Dataset excerpts ▸
____
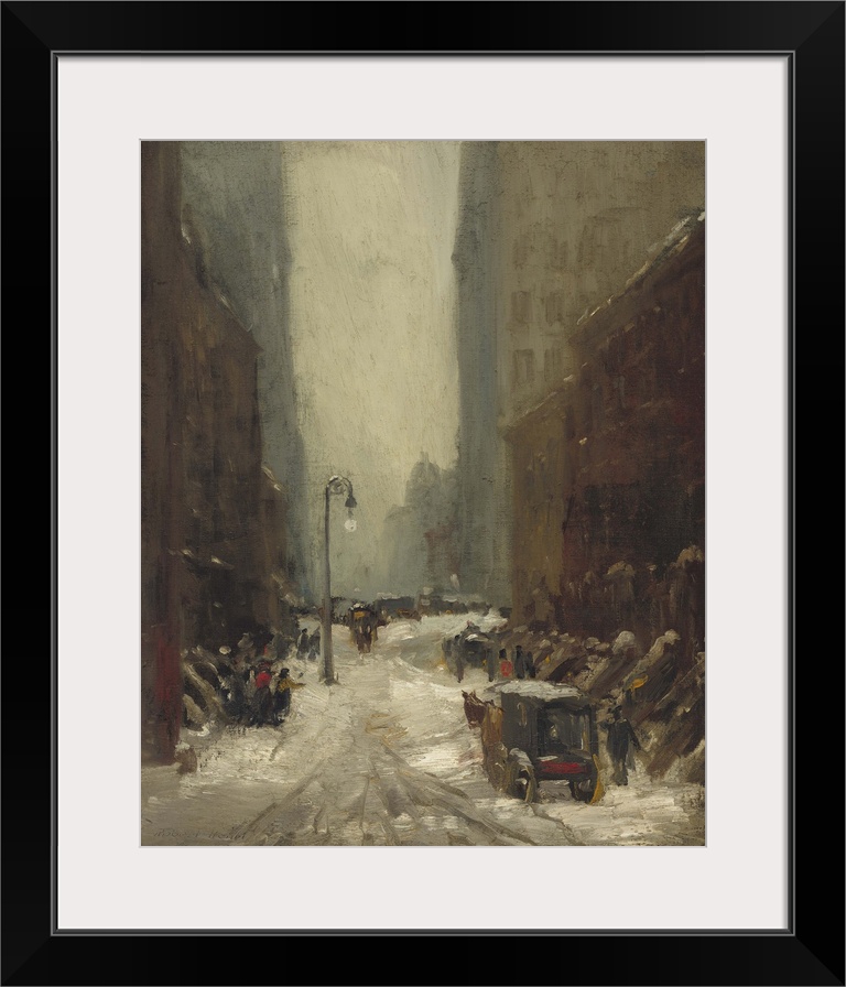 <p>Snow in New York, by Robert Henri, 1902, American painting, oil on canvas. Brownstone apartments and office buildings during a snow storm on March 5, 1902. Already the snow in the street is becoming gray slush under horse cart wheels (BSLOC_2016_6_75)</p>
____
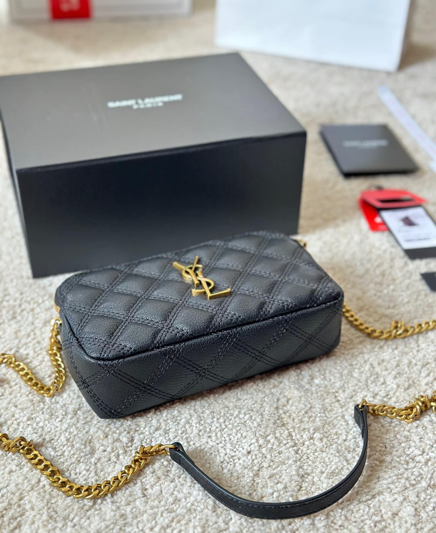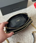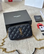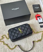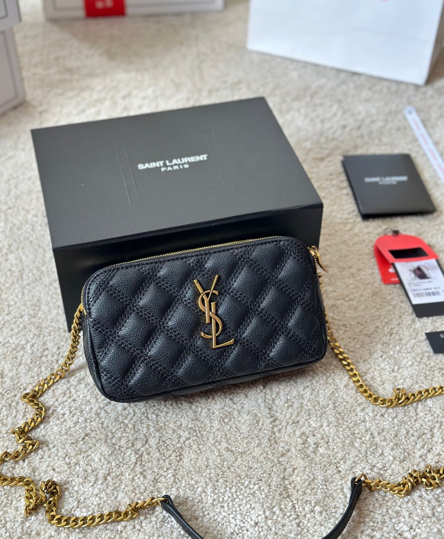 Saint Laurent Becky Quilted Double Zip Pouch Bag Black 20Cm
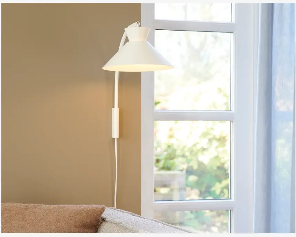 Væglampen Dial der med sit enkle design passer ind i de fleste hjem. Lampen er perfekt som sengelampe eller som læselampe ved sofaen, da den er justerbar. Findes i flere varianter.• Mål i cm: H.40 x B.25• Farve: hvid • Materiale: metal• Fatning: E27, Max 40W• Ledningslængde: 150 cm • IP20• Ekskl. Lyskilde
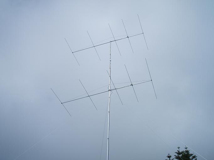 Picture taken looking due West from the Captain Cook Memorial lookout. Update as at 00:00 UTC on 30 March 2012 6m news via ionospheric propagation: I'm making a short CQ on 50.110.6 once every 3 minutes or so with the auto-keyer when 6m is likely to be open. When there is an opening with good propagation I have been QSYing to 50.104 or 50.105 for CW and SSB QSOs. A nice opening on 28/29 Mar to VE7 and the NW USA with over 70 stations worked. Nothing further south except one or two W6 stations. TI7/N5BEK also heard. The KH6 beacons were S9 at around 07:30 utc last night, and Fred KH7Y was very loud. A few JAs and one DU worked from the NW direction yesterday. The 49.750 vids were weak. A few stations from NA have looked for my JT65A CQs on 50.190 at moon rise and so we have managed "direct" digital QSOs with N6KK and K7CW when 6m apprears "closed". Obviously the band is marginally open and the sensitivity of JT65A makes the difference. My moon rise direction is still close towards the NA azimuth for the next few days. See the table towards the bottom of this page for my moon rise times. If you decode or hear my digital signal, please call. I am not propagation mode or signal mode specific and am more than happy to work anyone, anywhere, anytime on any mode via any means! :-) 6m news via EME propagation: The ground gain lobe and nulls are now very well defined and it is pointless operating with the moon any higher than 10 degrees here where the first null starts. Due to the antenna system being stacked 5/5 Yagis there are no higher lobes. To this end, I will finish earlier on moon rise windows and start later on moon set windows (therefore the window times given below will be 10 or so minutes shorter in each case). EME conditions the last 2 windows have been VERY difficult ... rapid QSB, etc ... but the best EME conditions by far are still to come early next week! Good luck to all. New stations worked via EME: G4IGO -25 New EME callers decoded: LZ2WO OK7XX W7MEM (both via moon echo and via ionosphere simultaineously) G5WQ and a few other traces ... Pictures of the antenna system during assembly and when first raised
____
Task to carry out ▸
Could you write out exactly the lines of the data above that run from the one holding "Saint Laurent Becky" to the one holding "Væglampen Dial der", with both ends in and all pictures out?

Written response ▸
 Saint Laurent Becky Quilted Double Zip Pouch Bag Black 20Cm
 Væglampen Dial der med sit enkle design passer ind i de fleste hjem. Lampen er perfekt som sengelampe eller som læselampe ved sofaen, da den er justerbar. Findes i flere varianter.• Mål i cm: H.40 x B.25• Farve: hvid • Materiale: metal• Fatning: E27, Max 40W• Ledningslængde: 150 cm • IP20• Ekskl. Lyskilde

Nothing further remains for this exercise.